Toys RU bankruptcy case could shake private equity

Toys R Us is long gone, but the former private equity owners still can’t shake it.

Send the news: A US bankruptcy court judge has ruled that a group of former top executives and directors of the bankrupt retailer, including partners of Bain Capital and KKR, may be sued.

Looking back: In 2017, Toys R Us went bankrupt, causing some 3,000 employees to lose their jobs.

  • There was enough guilt to go around. The PE firms for too much debt. The senior lenders for refusing to negotiate. Management for not innovating.
  • The PE firms would later create a $20 million severance fund for laid-off workers. Also at the GP level, they realized a slight gain on Toys, even though LPs were wiped clean.

The case: Creditors allege that the company spent about $600 million on goods and services between filing Chapter 11 bankruptcy and liquidating its stores, without sufficiently disclosing to sellers that the company’s finances were so bad that closures were likely. .

  • Plaintiffs also object to the advisory fees paid to the firm’s private equity sponsors between 2014 and 2017, plus certain management bonuses.
  • Judge Keith Phillips allowed both claims. However, he dismissed allegations that the company’s decision to seize financing for debtors would be a breach of fiduciary duty.

What to know: Private equity representatives on boards of directors are generally covered by directors’ and officers’ liability insurance (D&O), although such policies typically include willful fraud exemptions.

  • No comment on Bain or KKR’s ruling, and it’s unclear how their specific D&O policies would (or would not) be applied if the firms lost in court.
  • It’s also worth noting a line from the defendants’ failed request for summary judgment, which doesn’t do much for the reputation of PE or people like former Toys CEO Dave Brandon: “As long as a company is not insolvent, the members of the board of directors owe a fiduciary duty to the company and its owners, and can take actions that benefit the owners to the detriment of the company.”

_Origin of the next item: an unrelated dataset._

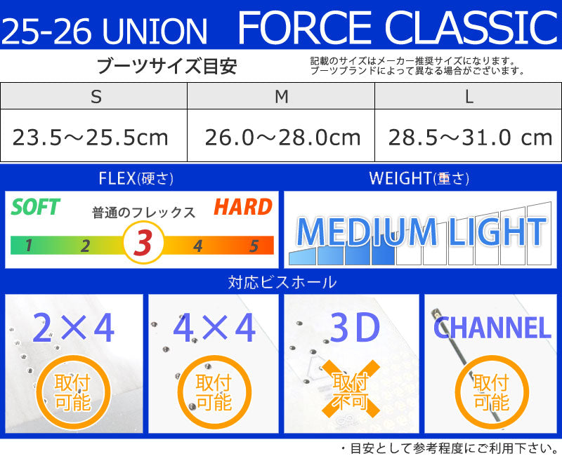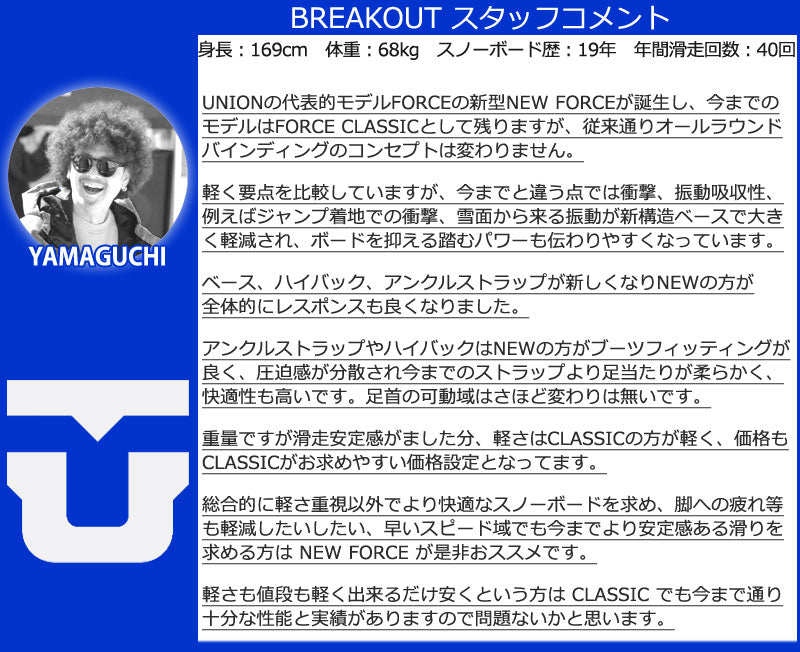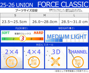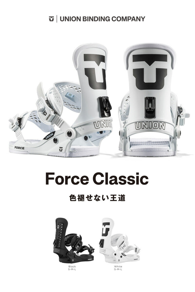 ユニオン史上最も象徴的でベストセラーのビンディングモデル。 ユニオンフォースクラシックは、あらゆる用途に対応するよう設計された、頑丈なオールマウンテンスノーボードビンディングです。 シーズンごとに変更が最小限に抑えられたフォースクラシックは、今後も長く愛用されるでしょう。 ユニオンバインディングがスタートした15年ほど前と今を比べると、スノーボード業界には様々な変化がありました。 しかし、1つ変らない事があります。 ボードとライダーを繋げるシステム、そしてその繋がりが最高のライディング・エクスペリエンスのカギを握るということ。 私たちユニオンバインディングはこの“繋がり”をより良い物にする事に全てを捧げ、ライダー達それぞれのライディングタイプや好み、予算までも考え、長年に渡り様々なバインディングを世に送り出してきました。 あなたがユニオンバインディングのシンボルでもある”U”のロゴに出会うことは、間違いない信頼を手にすることになるでしょう。 そう、私たちが保証します。 バインディングとブーツの相性やフィッティングに関して等、ご不明な点があればお気軽にお問い合わせください。 ※滑走での振動やストラップの着脱等でビスを使用している部分は緩んできますので、締り具合など滑走前に必ずご確認をお願いします。またご使用のブーツとストラップの調整をお願いいたします。調整が適切でない場合、負荷が集中し破損の原因となります。 |
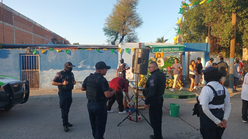 Para dar cumplimiento con las indicaciones de la alcaldesa de Soledad de Graciano Sánchez, Leonor Noyola Cervantes, Seguridad Pública Municipal, en coordinación con la Guardia Civil Estatal, desplegó el operativo «San Judas Tadeo», para evitar que se realicen bailes ena vía pública durante los festejos del santo mencionado, en el cual se cancelaron 10 eventos durante la madrugada de este 28 de octubre.

It comes down to: If creditors were to prevail, regardless of specific insurance coverage, it could shake the private equity model. In fact, they are arguing for a de facto chargeback from the private equity owners of the company, just as a PE fund would owe its limited partners as an investment to lose money, based on pre-insolvency fees.

  • In theory, this could apply to money earned today by PE directors on the board of a portfolio company.